● **Problem**: Starting at the line that contains "Nhật Bản trục vớt một con tàu ở cảng Wajima", write out every line to the end of the records below exactly, and leave out the pictures.

=== Data ===

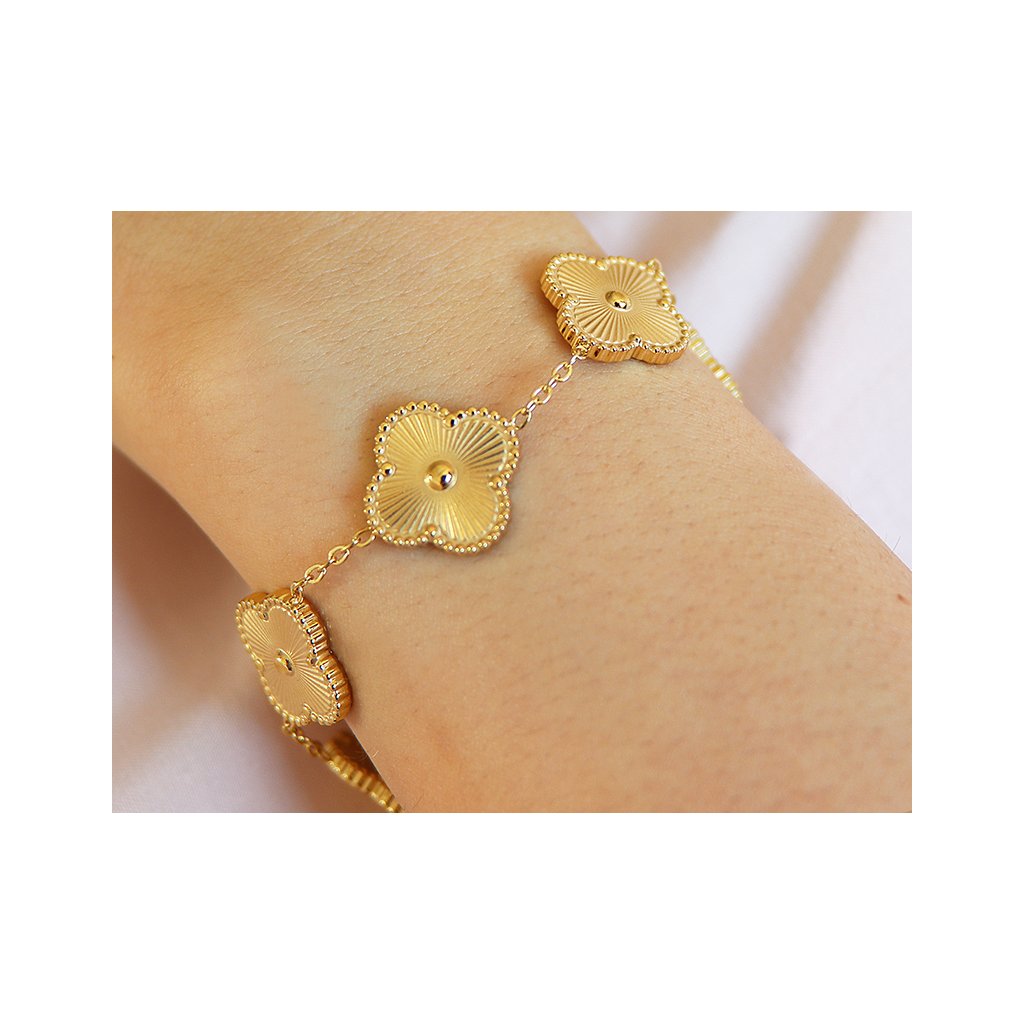 - Náramok z chirurgickej ocele, pozlátený 14k, masívny s kvetmi.
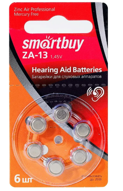 Батарейка для слуховых аппаратов Smartbuy ZА-13 BL6
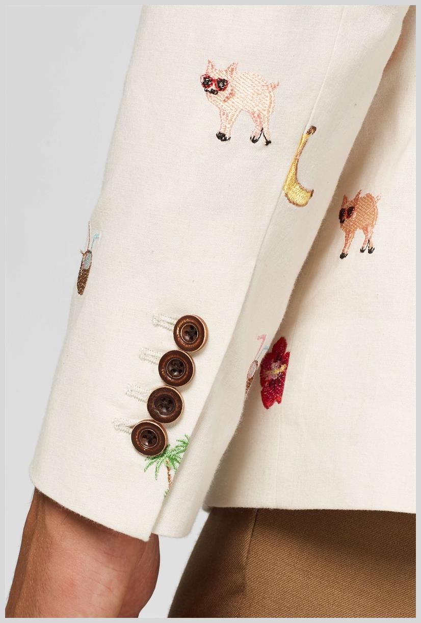 This off-white OppoSuits Deluxe blazer is designed to make you feel comfortable from the beach to the bar, from the office to a wedding and all places in between. Made of a lightweight cotton-linen mix, finished with all-over tropical embroideries, this blazer lends a breezy and subtle humorous touch to your formal look.
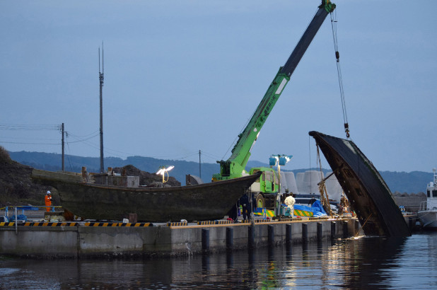 Nhật Bản trục vớt một con tàu ở cảng Wajima
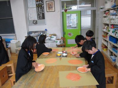 顔の形が仕上がった後は、手形をつけて乾かしました。
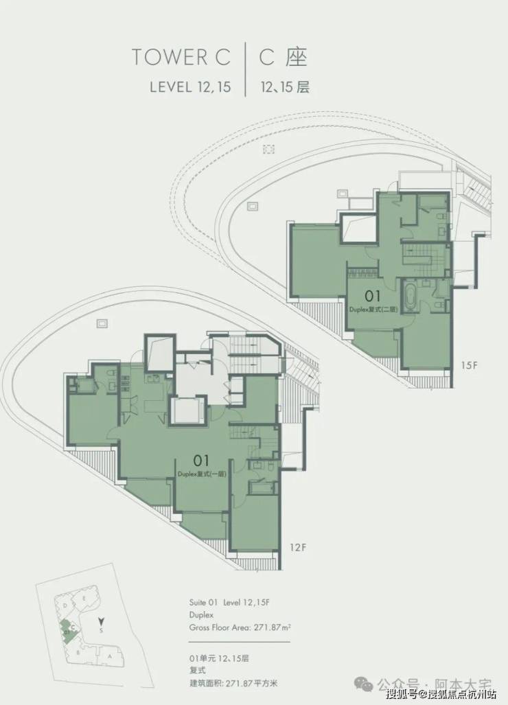 建筑面积 :271.66平米双露台顶层复式(私享独立电梯厅)

===

● **Worked solution**:
 Nhật Bản trục vớt một con tàu ở cảng Wajima
 顔の形が仕上がった後は、手形をつけて乾かしました。
 建筑面积 :271.66平米双露台顶层复式(私享独立电梯厅)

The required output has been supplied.